Using the material below, print the line that contains "Совершенствование языковых навыков", the line that contains "All 1965 GT350s", and every line in between, exactly and nothing else.

Supplied data:
=== Begin Enclosure ===

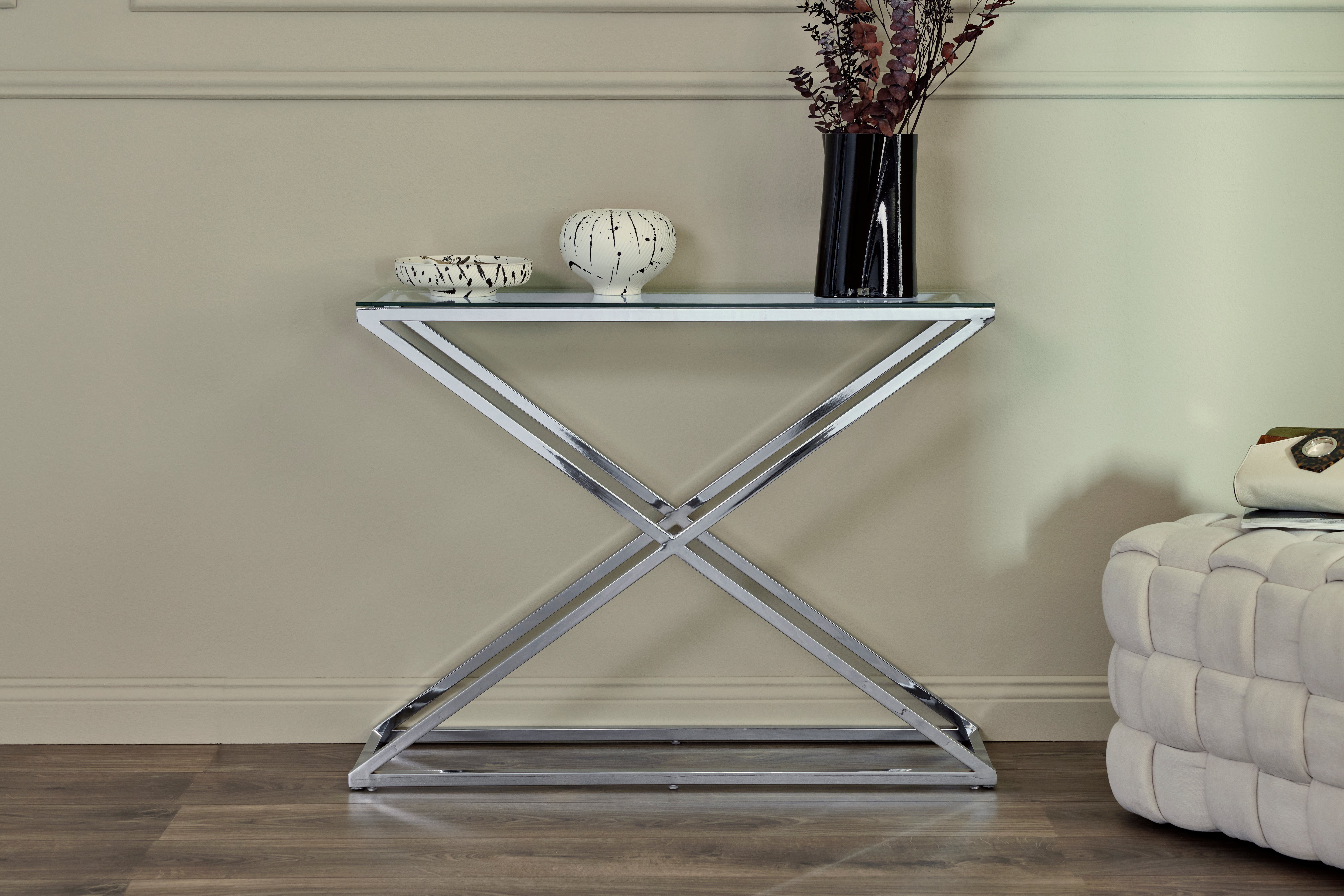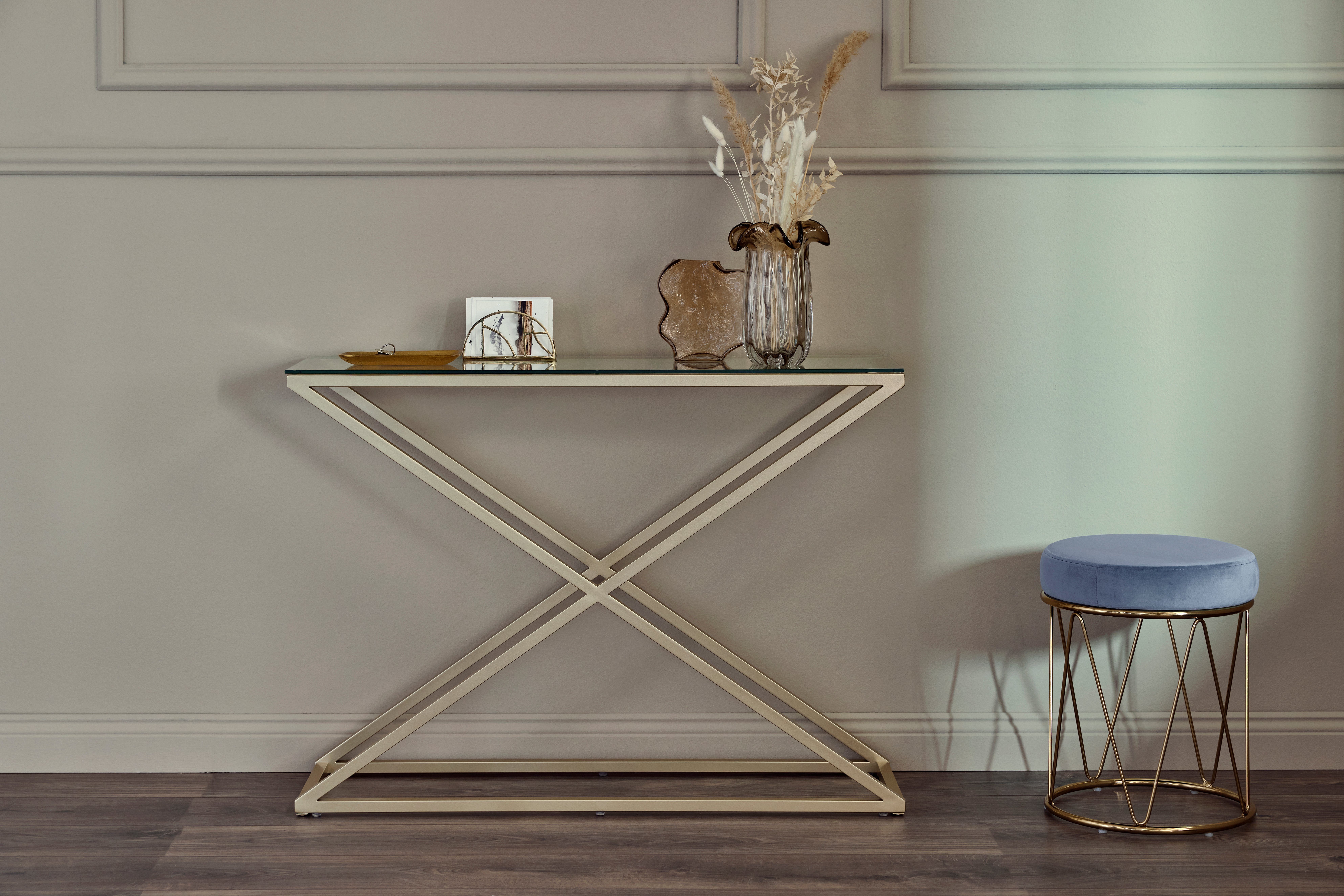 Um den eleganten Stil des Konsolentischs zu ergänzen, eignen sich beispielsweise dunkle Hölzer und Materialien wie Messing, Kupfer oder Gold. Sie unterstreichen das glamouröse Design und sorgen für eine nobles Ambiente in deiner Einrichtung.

=== End Enclosure ===
=== Begin Enclosure ===

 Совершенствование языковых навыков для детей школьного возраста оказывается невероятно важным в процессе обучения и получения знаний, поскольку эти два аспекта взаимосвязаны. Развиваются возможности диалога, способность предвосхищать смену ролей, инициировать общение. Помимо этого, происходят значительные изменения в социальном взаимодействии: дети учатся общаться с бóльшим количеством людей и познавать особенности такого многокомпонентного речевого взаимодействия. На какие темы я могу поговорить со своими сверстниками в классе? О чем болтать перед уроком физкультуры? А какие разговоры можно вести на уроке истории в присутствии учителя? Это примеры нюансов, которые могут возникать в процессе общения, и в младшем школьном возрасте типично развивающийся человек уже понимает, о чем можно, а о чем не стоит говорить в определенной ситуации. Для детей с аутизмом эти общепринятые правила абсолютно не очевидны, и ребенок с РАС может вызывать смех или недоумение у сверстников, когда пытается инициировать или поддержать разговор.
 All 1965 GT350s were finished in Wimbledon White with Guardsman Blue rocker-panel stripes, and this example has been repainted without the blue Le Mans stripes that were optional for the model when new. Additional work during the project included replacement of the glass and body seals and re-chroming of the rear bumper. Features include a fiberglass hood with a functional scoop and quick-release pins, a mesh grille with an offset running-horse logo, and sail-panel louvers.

=== End Enclosure ===

Exercise output:
 Совершенствование языковых навыков для детей школьного возраста оказывается невероятно важным в процессе обучения и получения знаний, поскольку эти два аспекта взаимосвязаны. Развиваются возможности диалога, способность предвосхищать смену ролей, инициировать общение. Помимо этого, происходят значительные изменения в социальном взаимодействии: дети учатся общаться с бóльшим количеством людей и познавать особенности такого многокомпонентного речевого взаимодействия. На какие темы я могу поговорить со своими сверстниками в классе? О чем болтать перед уроком физкультуры? А какие разговоры можно вести на уроке истории в присутствии учителя? Это примеры нюансов, которые могут возникать в процессе общения, и в младшем школьном возрасте типично развивающийся человек уже понимает, о чем можно, а о чем не стоит говорить в определенной ситуации. Для детей с аутизмом эти общепринятые правила абсолютно не очевидны, и ребенок с РАС может вызывать смех или недоумение у сверстников, когда пытается инициировать или поддержать разговор.
 All 1965 GT350s were finished in Wimbledon White with Guardsman Blue rocker-panel stripes, and this example has been repainted without the blue Le Mans stripes that were optional for the model when new. Additional work during the project included replacement of the glass and body seals and re-chroming of the rear bumper. Features include a fiberglass hood with a functional scoop and quick-release pins, a mesh grille with an offset running-horse logo, and sail-panel louvers.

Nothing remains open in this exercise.